Summary: java/openjdk8: Elasticsearch won't start after OpenJDK upgrade
Product: Ports & Packages Reporter: nagy.attila
Component: Individual Port(s)Assignee: freebsd-java (Nobody) <java>
Status: Closed FIXED    
Severity: Affects Some People CC: 000.fbsd, elastic, feld, girgen, glewis, john
Priority: --- Flags: bugzilla: maintainer-feedback? (java)
Version: Latest   
Hardware: Any   
OS: Any   
Attachments:
Description Flags
java/openjdk8: Preserve OS-supplied IPv6 interface scope IDs
john: maintainer-approval?
DTrace script to monitor bind(2) calls
none
Program to demonstrate getifaddr(3) behavior
none
Program to demonstrate bind(2) behavior none

Description nagy.attila 2017-12-04 12:53:58 UTC
When I start Elasticsearch (5.6.4, with the default configuration) with OpenJDK8 8.152.16, it dies with:
[2017-12-04T13:49:57,971][INFO ][o.e.n.Node               ] initialized
[2017-12-04T13:49:57,972][INFO ][o.e.n.Node               ] [amnEplp] starting ...
[2017-12-04T13:49:58,317][WARN ][o.e.b.ElasticsearchUncaughtExceptionHandler] [] uncaught exception in thread [main]
org.elasticsearch.bootstrap.StartupException: BindTransportException[Failed to bind to [9300-9400]]; nested: BindException[Can't assign requested address];
	at org.elasticsearch.bootstrap.Elasticsearch.init(Elasticsearch.java:136) ~[elasticsearch-5.6.4.jar:5.6.4]

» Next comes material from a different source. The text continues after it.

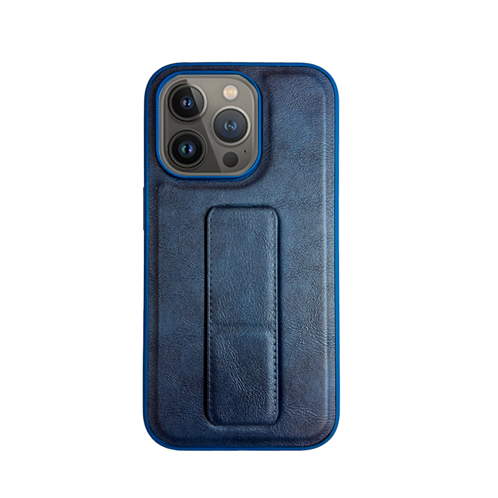 كفر ايفون 15 برو جلد فاخر مع مسكة ستاند مغناطيس لون كحلي

	at org.elasticsearch.bootstrap.Elasticsearch.execute(Elasticsearch.java:123) ~[elasticsearch-5.6.4.jar:5.6.4]
	at org.elasticsearch.cli.EnvironmentAwareCommand.execute(EnvironmentAwareCommand.java:70) ~[elasticsearch-5.6.4.jar:5.6.4]
	at org.elasticsearch.cli.Command.mainWithoutErrorHandling(Command.java:134) ~[elasticsearch-5.6.4.jar:5.6.4]

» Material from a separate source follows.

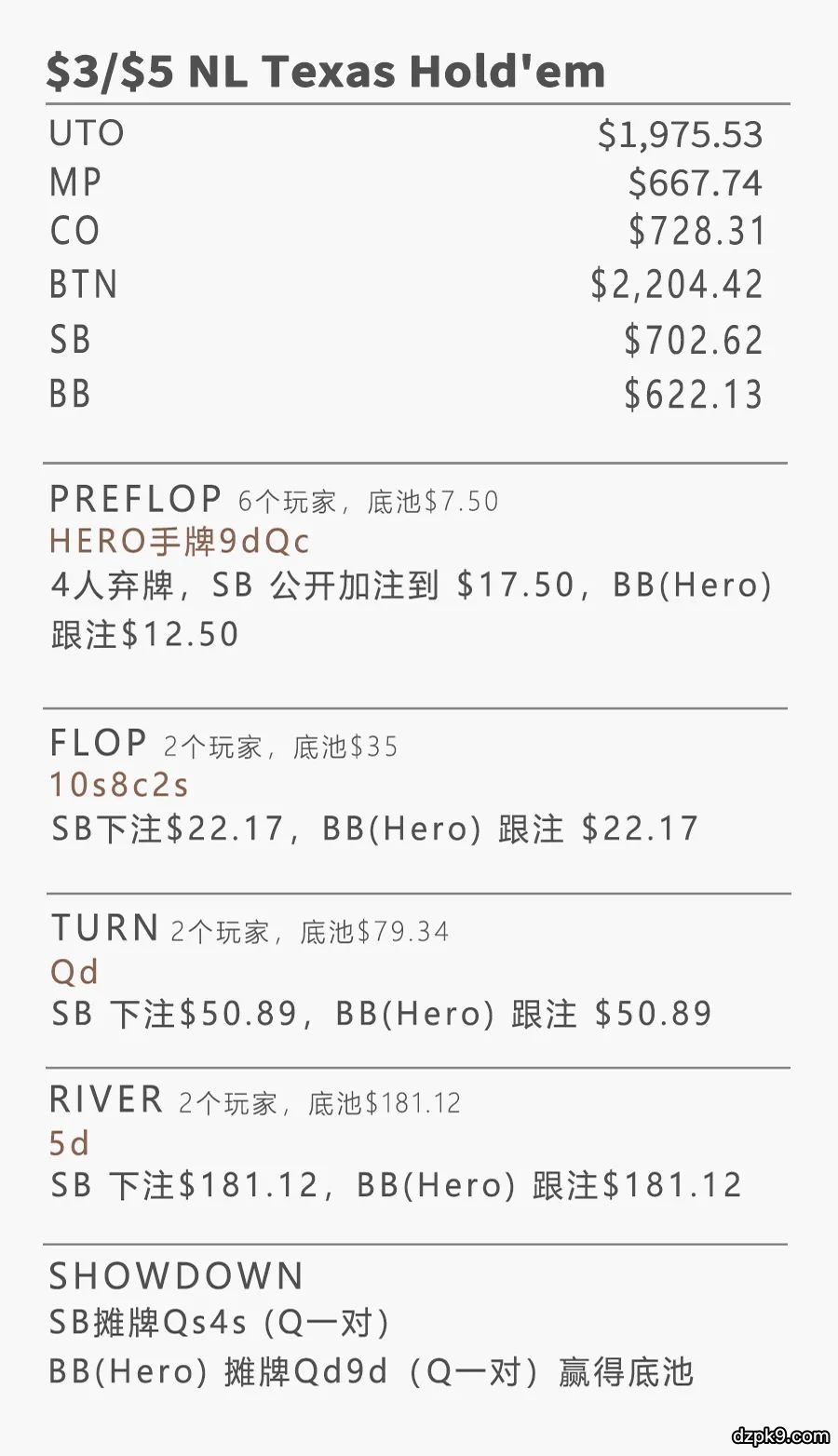Q是一张对SB有利的牌,我觉得SB会经常在Q的转牌连开两枪,即使是很弱的Q如果有黑桃听花的话也很可能打得很有侵略性,由于我没有对转牌再加注,因此Qx在河牌仍是强牌,这样看起来Qx依然可以在河牌拿到BB范围中10x和8x的价值。

	at org.elasticsearch.cli.Command.main(Command.java:90) ~[elasticsearch-5.6.4.jar:5.6.4]
	at org.elasticsearch.bootstrap.Elasticsearch.main(Elasticsearch.java:91) ~[elasticsearch-5.6.4.jar:5.6.4]
	at org.elasticsearch.bootstrap.Elasticsearch.main(Elasticsearch.java:84) ~[elasticsearch-5.6.4.jar:5.6.4]

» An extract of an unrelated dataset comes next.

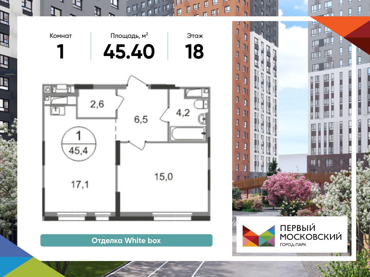 Общая площадь квартиры - 45,4 кв. м, этаж 18 из 19.

Caused by: org.elasticsearch.transport.BindTransportException: Failed to bind to [9300-9400]
	at org.elasticsearch.transport.TcpTransport.bindToPort(TcpTransport.java:783) ~[elasticsearch-5.6.4.jar:5.6.4]
	at org.elasticsearch.transport.TcpTransport.bindServer(TcpTransport.java:748) ~[elasticsearch-5.6.4.jar:5.6.4]
	at org.elasticsearch.transport.netty4.Netty4Transport.doStart(Netty4Transport.java:174) ~[?:?]
	at org.elasticsearch.common.component.AbstractLifecycleComponent.start(AbstractLifecycleComponent.java:69) ~[elasticsearch-5.6.4.jar:5.6.4]
	at org.elasticsearch.transport.TransportService.doStart(TransportService.java:219) ~[elasticsearch-5.6.4.jar:5.6.4]
	at org.elasticsearch.common.component.AbstractLifecycleComponent.start(AbstractLifecycleComponent.java:69) ~[elasticsearch-5.6.4.jar:5.6.4]
	at org.elasticsearch.node.Node.start(Node.java:694) ~[elasticsearch-5.6.4.jar:5.6.4]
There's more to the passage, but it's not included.